Maoritomella is a genus of sea snails, marine gastropod mollusks in the family Borsoniidae.

==Description==

Shells of Maoritomella are tall-spired and have a truncated body-whorl, with a paucispiral protoconch, a globular of two smooth whorls, that is followed by a half whorl of brephic axials. The small shell seldom exceeds 10 mm and has usually a fusiform-biconical shape. The axial riblets in the bluntly domed protoconch are absent or restricted to the terminal half-whorl. The sculpture consists of strong spiral lirae or cords with fine collabral threads crossing spiral lirae. It often contains a peripheral keel but never a conspicuous shoulder angle. The siphonal canal is not or feebly indented. There is an anal sinus on the shoulder slope. An operculum is present. The marginal teeth of the radula are rather short, straight and awl-like

==Taxonomy==

The genus was first described by A. W. B. Powell in 1942, due to the difficulty of placing Pleurotoma albula (now Maoritomella albula) in an appropriate genus.

==Distribution==
This marine genus occurs off Indonesia, South Africa, Zanzibar,, New Caledonia, New Zealand and Australia (New South Wales, Queensland and South Australia).

==Species==
Species within the genus Maoritomella include:

- Maoritomella albula (Hutton, 1873)
- † Maoritomella balcombensis A. W. B. Powell, 1944
- Maoritomella clupeispina Kilburn, 1986
- Maoritomella densecostulata Kilburn, 1986
- † Maoritomella equispiralis A. W. B. Powell, 1944
- Maoritomella eva (Thiele, 1925)
- Maoritomella foliacea Laseron, 1954
- Maoritomella granilirata Kilburn, 1986
- Maoritomella ischna (Watson, 1881)
- Maoritomella leptopleura Kilburn, 1986
- Maoritomella megalacme Kilburn, 1986
- † Maoritomella moderata (Marwick, 1965)
- Maoritomella multiplex (Webster, 1906)
- † Maoritomella nutans A. W. B. Powell, 1944
- Maoritomella orientalis Dell, 1956
- † Maoritomella pagodula Powell, 1942
- Maoritomella pleonastica (Barnard, 1958)
- † Maoritomella robusta Powell, 1942
- † Maoritomella studiosorum (L. C. King, 1933)
- † Maoritomella subalbula (R. Murdoch, 1900)
- Maoritomella tarrhion Kilburn, 1986
- † Maoritomella torquatella (Marwick, 1931)

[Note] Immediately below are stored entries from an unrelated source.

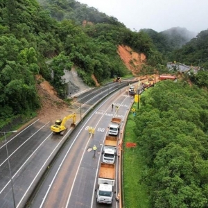 - Houve dois deslizamentos. O primeiro começou às 15h30 de segunda, quando um talude cedeu no trecho de serra e uma das pistas foi interditada. O trânsito fluiu por pista única. Às 19h30, houve novo deslizamento, carros foram atingidos e os dois sentidos da rodovia foram interditados.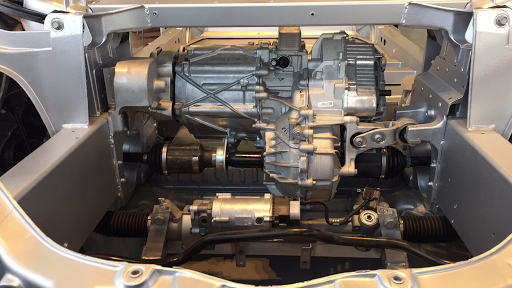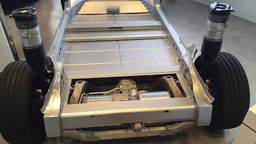 Noissa kuvissa näkyvä alustahan toki näyttää kovin siistiltä. Kyllähän Teslaankin sitten ennen toimivuutta tulee melkoinen määrä kaapelia ja moottorin ohjausyksikköä ym, jotka tästä siis oli riisuttu estetiikan vuoksi pois.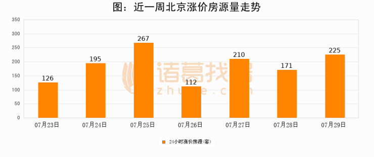 根据诸葛找房数据显示,北京24小时涨价房源量为225套,较07月28日增加54套,环比上涨31.6%。与此同时,涨价房源占比小幅扩大,业主信心有所提升。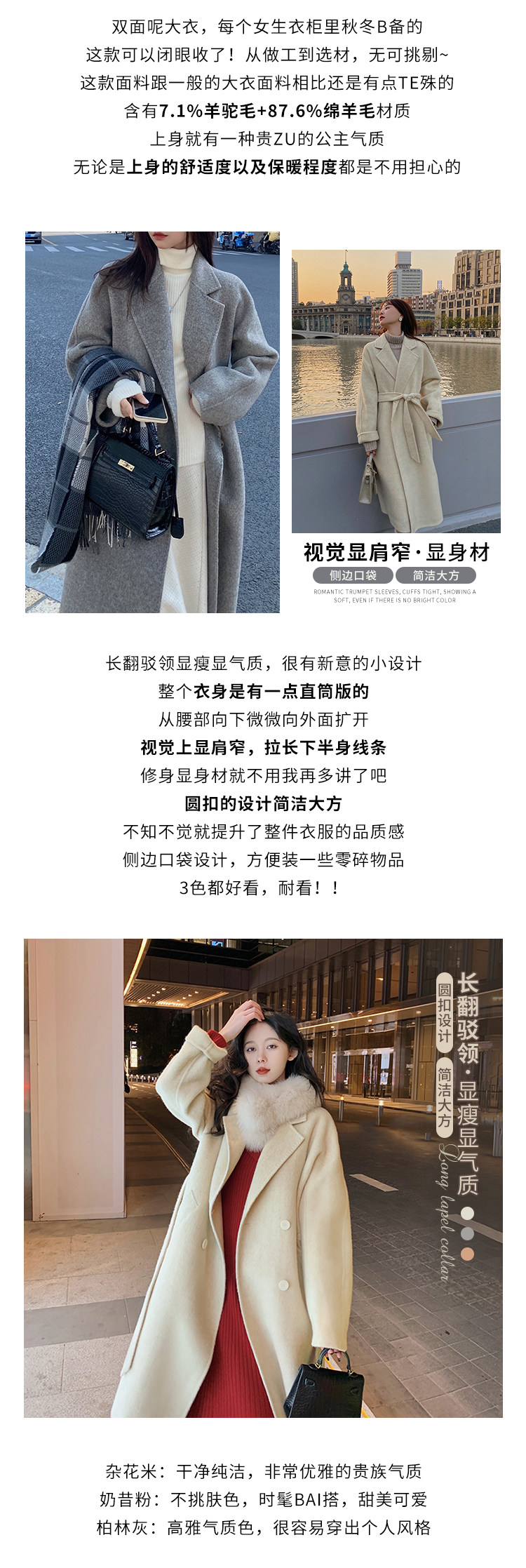Бархатная альпака, двусторонное шерстяное пальто, демисезонная куртка, 2021 года

- Species brought into synonymy

- † Maoritomella annosa A. W. B. Powell, 1942: synonym of Drilliola annosa (A. W. B. Powell, 1942)
- Maoritomella batjanensis (Schepman, 1913): synonym of Otitoma batjanensis (Schepman, 1913)
- † Maoritomella pukeuriensis A. W. B. Powell, 1942: synonym of Drilliola pukeuriensis (A. W. B. Powell, 1942)
- † Maoritomella sola A. W. B. Powell, 1942: synonym of Drilliola sola (A. W. B. Powell, 1942)
- Maoritomella thola Laseron, 1954: synonym of Tomopleura thola (Laseron, 1954)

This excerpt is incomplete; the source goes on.